Flood susceptibility zones under the SSP scenarios in 2055 relative to the baseline
Fig. 9.
Percentage of flood susceptibility zones under the SSP scenarios
Fig. 10.
Percentage change in flood susceptibility zones under the SSP scenarios relative to the baseline scenario
Flood susceptibility projections under the SSP2 scenario reveals similar trends as in SSP1, especially from 2020 to 2035 (see Fig. 10). However, the trend is expected to change from 2040 to 2055. For instance, moderate flood zones are expected to increase to about 41.3% and 43.7% in 2040 and 2045, respectively, compared to about 36.9% in the baseline (Fig. 9). In 2050 and 2055, the percentage of flood susceptibility zones is expected to move from moderate to high zones (about 29.4% and 30.5%, respectively). Again, very high flood susceptibility zones are expected to increase in 2050 (24.3%) and 2055 (25%). As such the SSP2 scenario is expected to observe an increase in high (19.4%) and very high (8.8%) in 2050 as well as an increase of 20.6% in high and very high (9.5%) flood susceptibility zones in 2055 (Fig. 10).
The flood susceptibility projections in the SSP3 scenario resembled those of the SSP2 scenario, showcasing a prevalence of moderate flood susceptibility from 2040 to 2045. Nevertheless, under the SSP3, there's an anticipated rise in the extent of high and very high flood susceptibility zones compared to the SSP2. Specifically, the areas categorized as high and very high flood susceptibility zones are projected to expand to approximately 31.4% and 26% respectively by 2050, compared to the respective percentages of 29.4% and 24.3% under SSP2, and are expected to maintain similar increments by 2055 (Fig. 9). This is expected to cause an increase in very high flood susceptibility zones by about 21.5% and 22.3% in 2050 and 2055 respectively.
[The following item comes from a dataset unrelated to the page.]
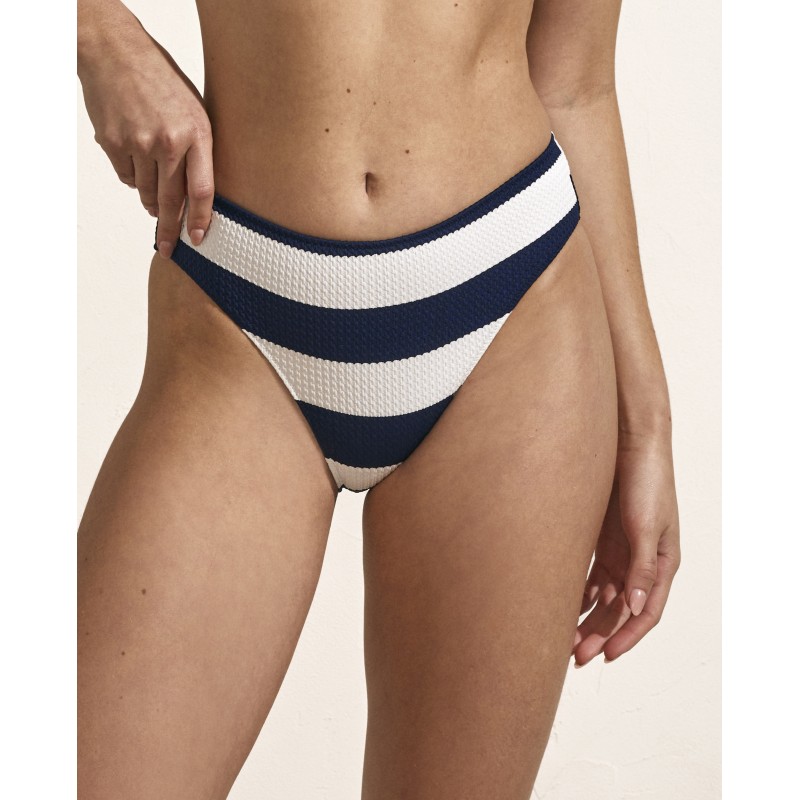 Cueca de biquíni com corte clássico. O seu clássico e intemporal estampado de marinheiro faz dela uma peça essencial em qualquer guarda-roupa de verão.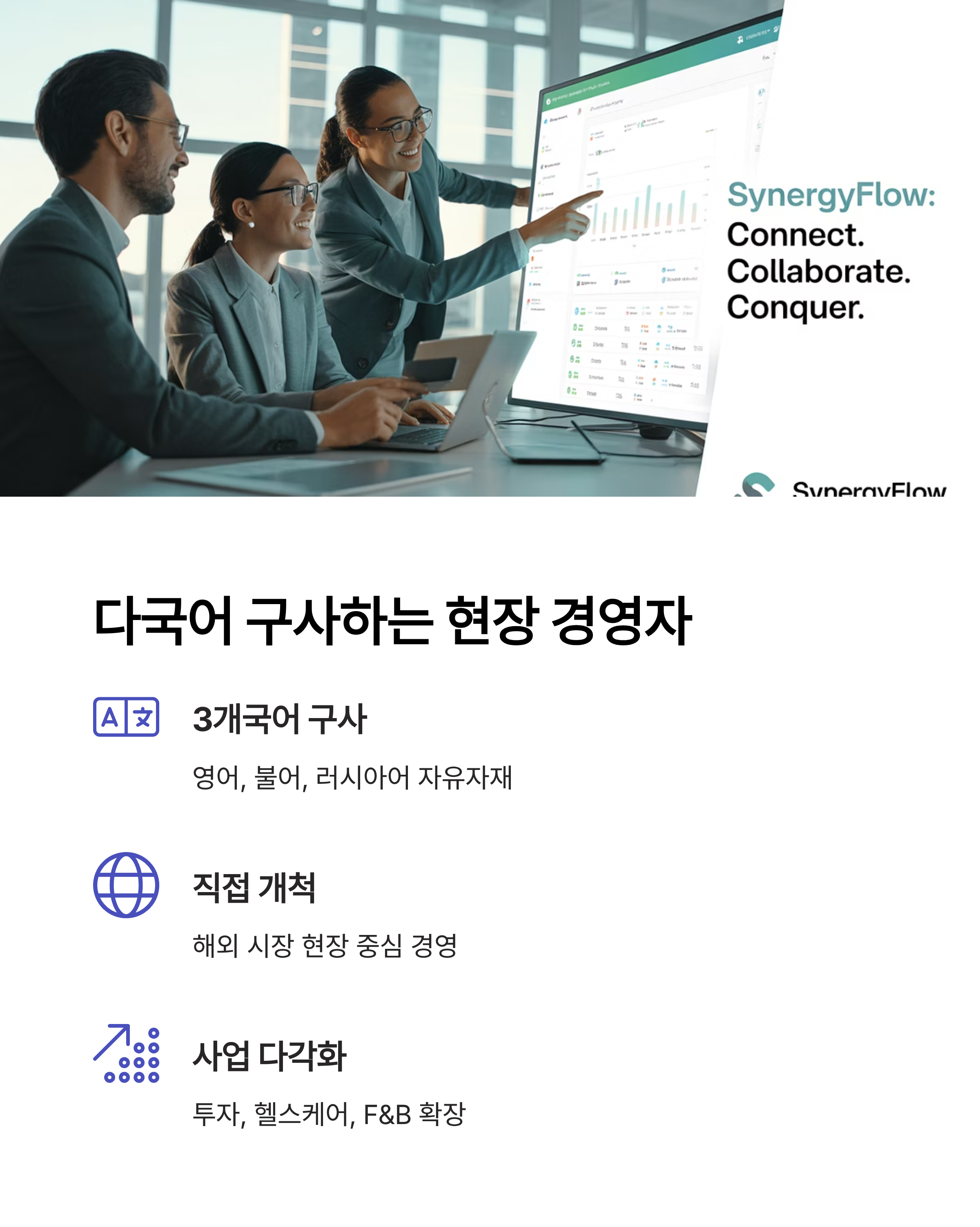 글로벌 언어 능력으로 직접 뛰는 경영자

Elevation, slope, proximity to urban areas, soil type/geology, and SPI are anticipated to serve as the primary influential factors driving flooding occurrences within the SSP2 and SSP3 scenarios, as outlined in Appendix 1. However, the upward movement of distance from urban in the prediction rate, together with other drivers, shifted the dominant flood susceptibility index from moderate to high (see Appendix 1). This is evident in the 2055 of SSP2 and SSP3 where distance from urban became the second most significant flood conditioning factor (see Appendix 1).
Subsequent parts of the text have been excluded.